→ **Prompt**:
Reproduce the opening lines of the listing below exactly, stopping after the line that contains "Funda roja de" and leaving out any pictures.

Provided material: Begin

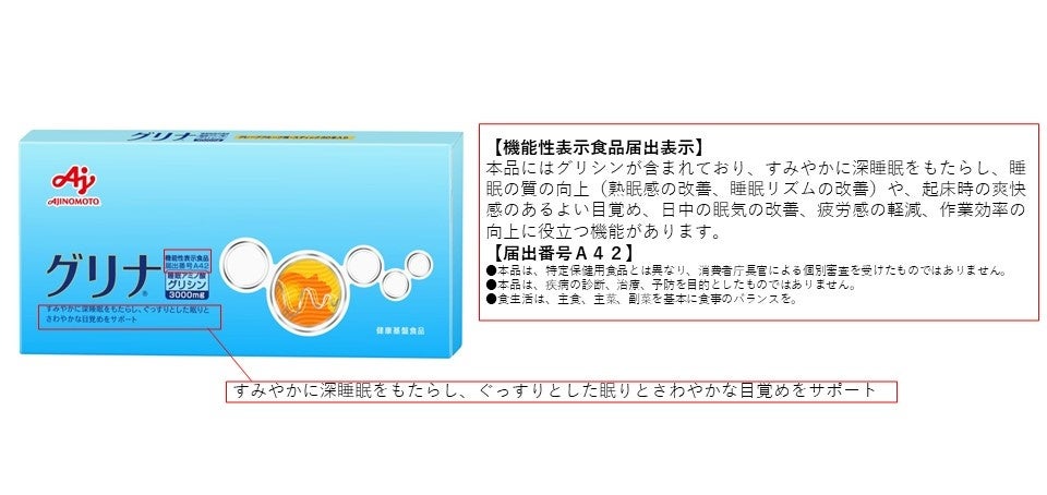 ※4:味の素㈱調べ(2015年7月)、有効回答数1 508名「グリナ」購入者への実感アンケート調査(「グリナ」届出表示の機能を「実感している」「やや実感している」と答えた人の
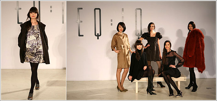 時尚品牌EQ:IQ日前在京上演了其2008秋冬系列時裝秀,并宣布該系列投放市場。 這一季EQ:IQ大膽使用了棕色、櫻桃紅、珊瑚紅、孔雀藍、苔蘚綠、茉莉黃等色調(diào),給08年秋冬帶來了豐富的色彩及濃濃的暖意。在圖案設(shè)計上,法國首席設(shè)計師Stéphanie
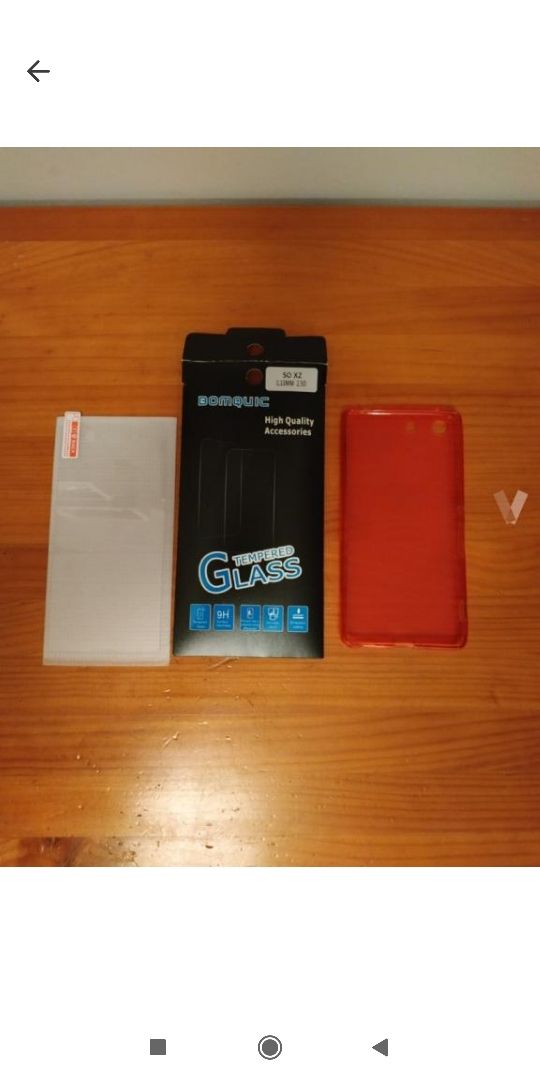 Funda roja de silicona y cristal templado para SONY XPERIA M5. Nuevos.
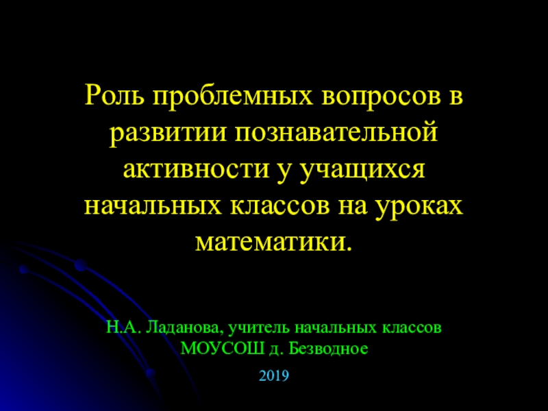 Н.А. Ладанова, учитель начальных классов МОУСОШ д. Безводное

Provided material: End

→ **Response to the task**:
 ※4:味の素㈱調べ(2015年7月)、有効回答数1 508名「グリナ」購入者への実感アンケート調査(「グリナ」届出表示の機能を「実感している」「やや実感している」と答えた人の
 時尚品牌EQ:IQ日前在京上演了其2008秋冬系列時裝秀,并宣布該系列投放市場。 這一季EQ:IQ大膽使用了棕色、櫻桃紅、珊瑚紅、孔雀藍、苔蘚綠、茉莉黃等色調(diào),給08年秋冬帶來了豐富的色彩及濃濃的暖意。在圖案設(shè)計上,法國首席設(shè)計師Stéphanie
 Funda roja de silicona y cristal templado para SONY XPERIA M5. Nuevos.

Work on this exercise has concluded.